▸ **PROBLEM TO WORK ON**: In the records below, the relevant part opens with the line containing "High-speed data continued" and closes with the line containing "燃?xì)鈨r格按照2.4 元/m3計算"; print that part exactly and only, without its pictures.

▸ **GIVEN ENTRIES**:
■ ■ ■ ■
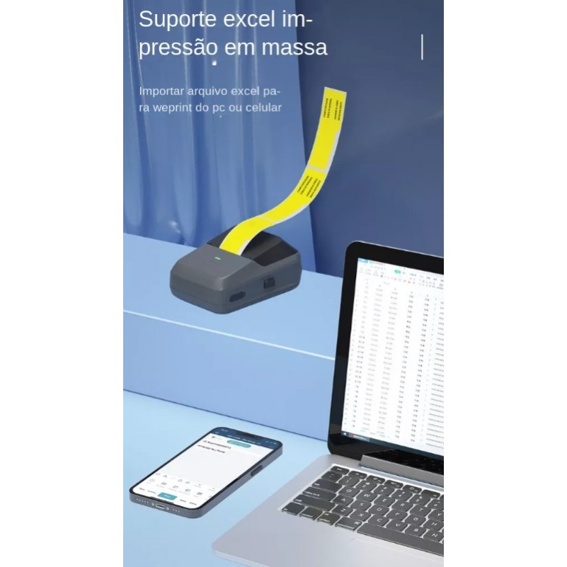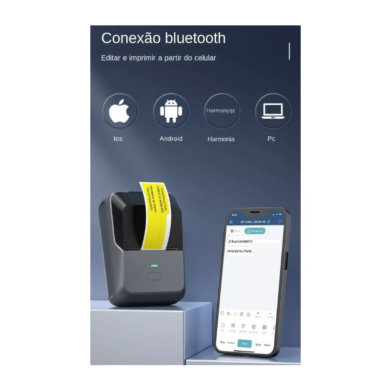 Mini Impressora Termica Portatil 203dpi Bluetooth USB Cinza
■ ■ ■ ■
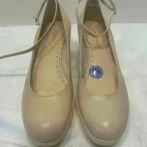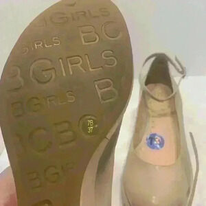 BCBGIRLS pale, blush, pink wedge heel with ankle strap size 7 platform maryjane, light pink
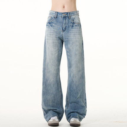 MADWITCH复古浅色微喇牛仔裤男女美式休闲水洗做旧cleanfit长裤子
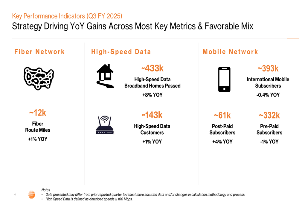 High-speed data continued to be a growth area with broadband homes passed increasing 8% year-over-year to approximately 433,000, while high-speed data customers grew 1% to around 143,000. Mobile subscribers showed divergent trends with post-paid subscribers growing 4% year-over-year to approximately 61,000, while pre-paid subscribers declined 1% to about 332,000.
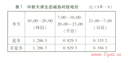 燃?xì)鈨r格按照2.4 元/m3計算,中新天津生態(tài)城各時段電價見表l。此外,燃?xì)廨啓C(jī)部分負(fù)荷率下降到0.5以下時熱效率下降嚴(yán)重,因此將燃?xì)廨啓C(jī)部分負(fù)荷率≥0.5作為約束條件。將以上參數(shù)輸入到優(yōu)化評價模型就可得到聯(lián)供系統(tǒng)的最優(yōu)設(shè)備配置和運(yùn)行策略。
■ ■ ■ ■
▸ **RESULT BELOW**:
 High-speed data continued to be a growth area with broadband homes passed increasing 8% year-over-year to approximately 433,000, while high-speed data customers grew 1% to around 143,000. Mobile subscribers showed divergent trends with post-paid subscribers growing 4% year-over-year to approximately 61,000, while pre-paid subscribers declined 1% to about 332,000.
 燃?xì)鈨r格按照2.4 元/m3計算,中新天津生態(tài)城各時段電價見表l。此外,燃?xì)廨啓C(jī)部分負(fù)荷率下降到0.5以下時熱效率下降嚴(yán)重,因此將燃?xì)廨啓C(jī)部分負(fù)荷率≥0.5作為約束條件。將以上參數(shù)輸入到優(yōu)化評價模型就可得到聯(lián)供系統(tǒng)的最優(yōu)設(shè)備配置和運(yùn)行策略。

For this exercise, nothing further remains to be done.